Facebook's OOMD approach (PSI-based) is more sophisticated than most commercial solutions
Statistical profiling (SWAT) achieved production success at Microsoft with minimal overhead
Page fault patterns can distinguish between memory leaks and legitimate growth
Most memory leaks can be detected without tracking every allocation
The "stale object" heuristic (objects not accessed for extended periods) is surprisingly effective

What's Still Hard

Distinguishing leaks from caches - Long-lived objects may be legitimate
Custom allocators - jemalloc/tcmalloc profiling doesn't work
Kernel memory leaks - Different tools needed (kmemleak)
Small, slow leaks - May evade sampling intervals
Root cause identification - Detection ≠ fixing

Future Directions

Emerging Technologies

eBPF CO-RE: Write once, run everywhere
BTF: Better stack traces without frame pointers
io_uring: Potential for lower overhead tracing

Research Areas

Better ML models for leak prediction
Automatic root cause analysis
Production-safe automatic remediation
Cross-language leak detection

Conclusion

The key insight is that perfect is the enemy of good in production memory leak detection.

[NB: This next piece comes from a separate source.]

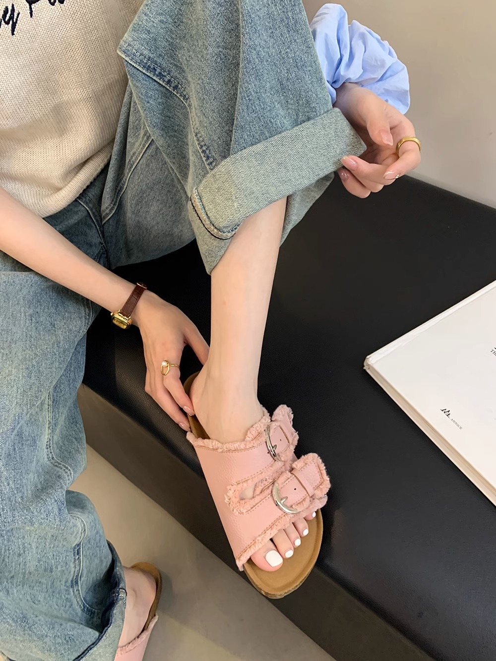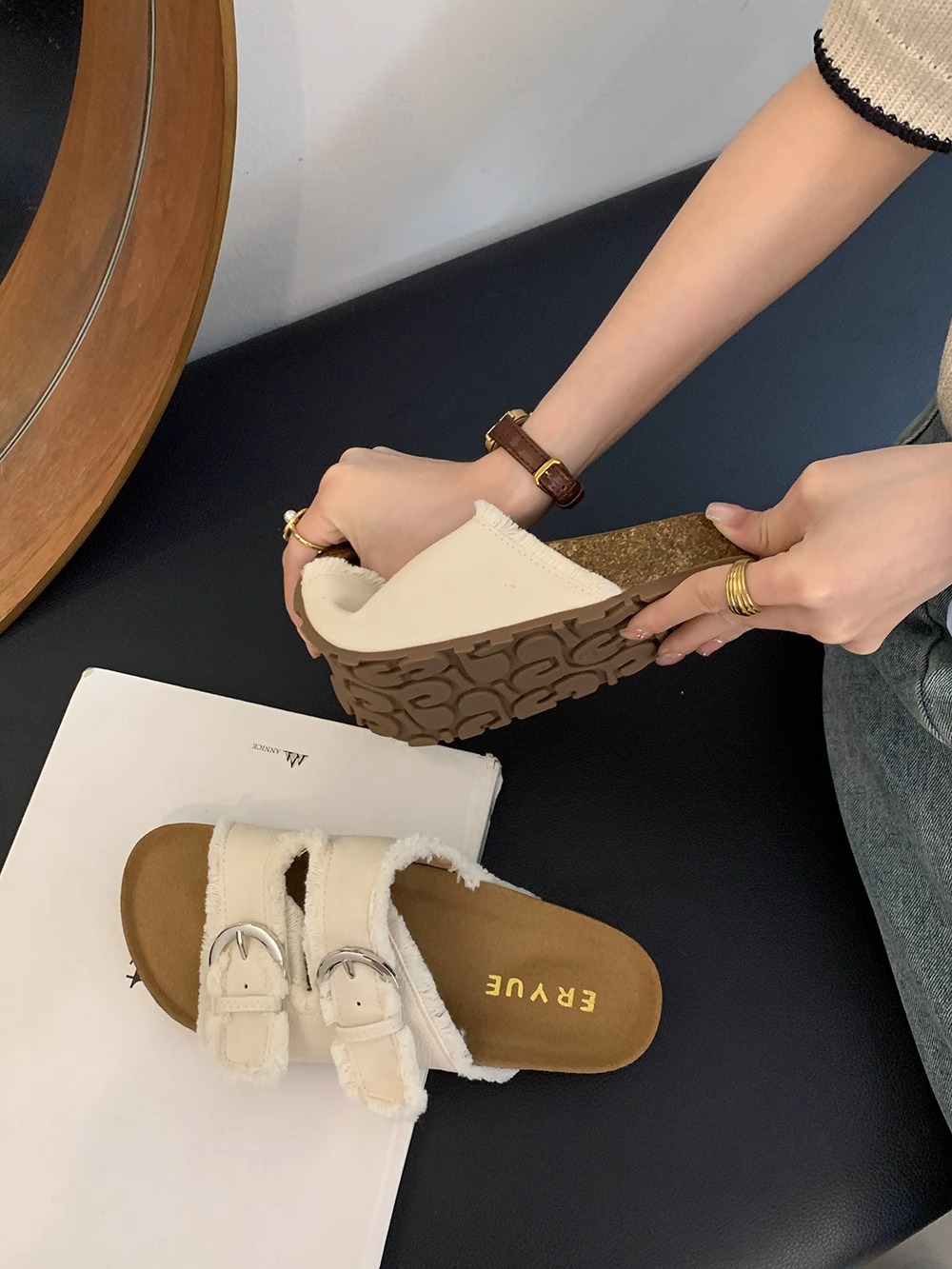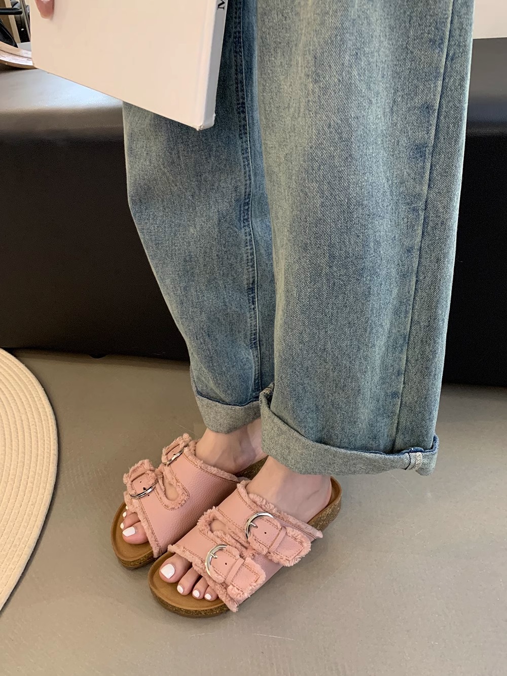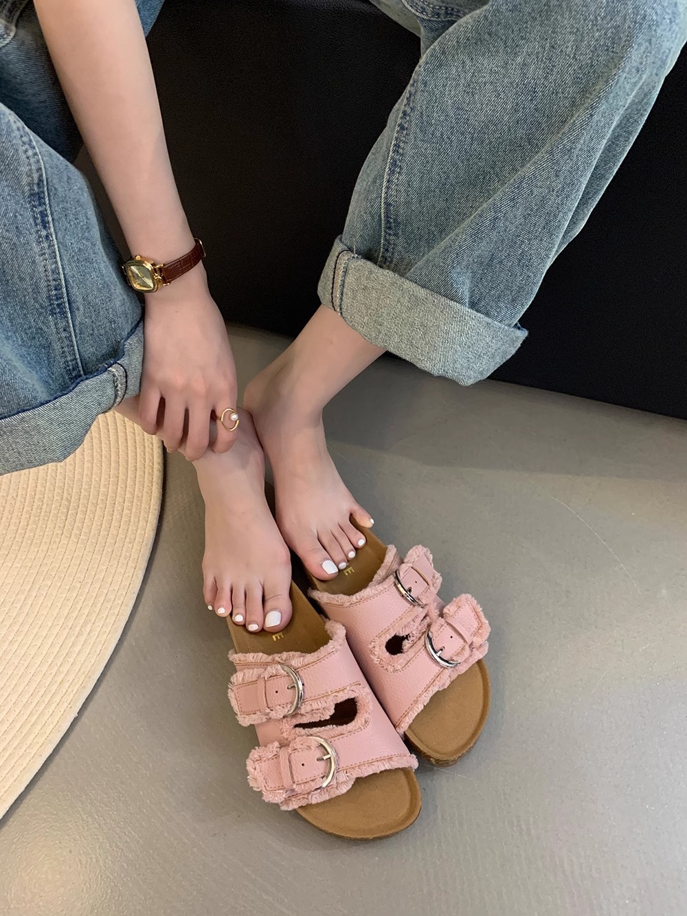 Zapatillas Birkenstock de suela gruesa para mujer en verano 2025 retro hada viento borla fea linda dama plana sandalias Boken marea

While malloc/free tracing provides perfect accuracy, its overhead makes it unusable. Instead, combining multiple low-overhead techniques (page faults + PSI + metrics) provides sufficient signal to detect most leaks while maintaining production viability.

Recommended starting point: Implement page fault tracing with basic threshold detection. This gives excellent visibility with minimal overhead and can catch most memory leaks before they become critical.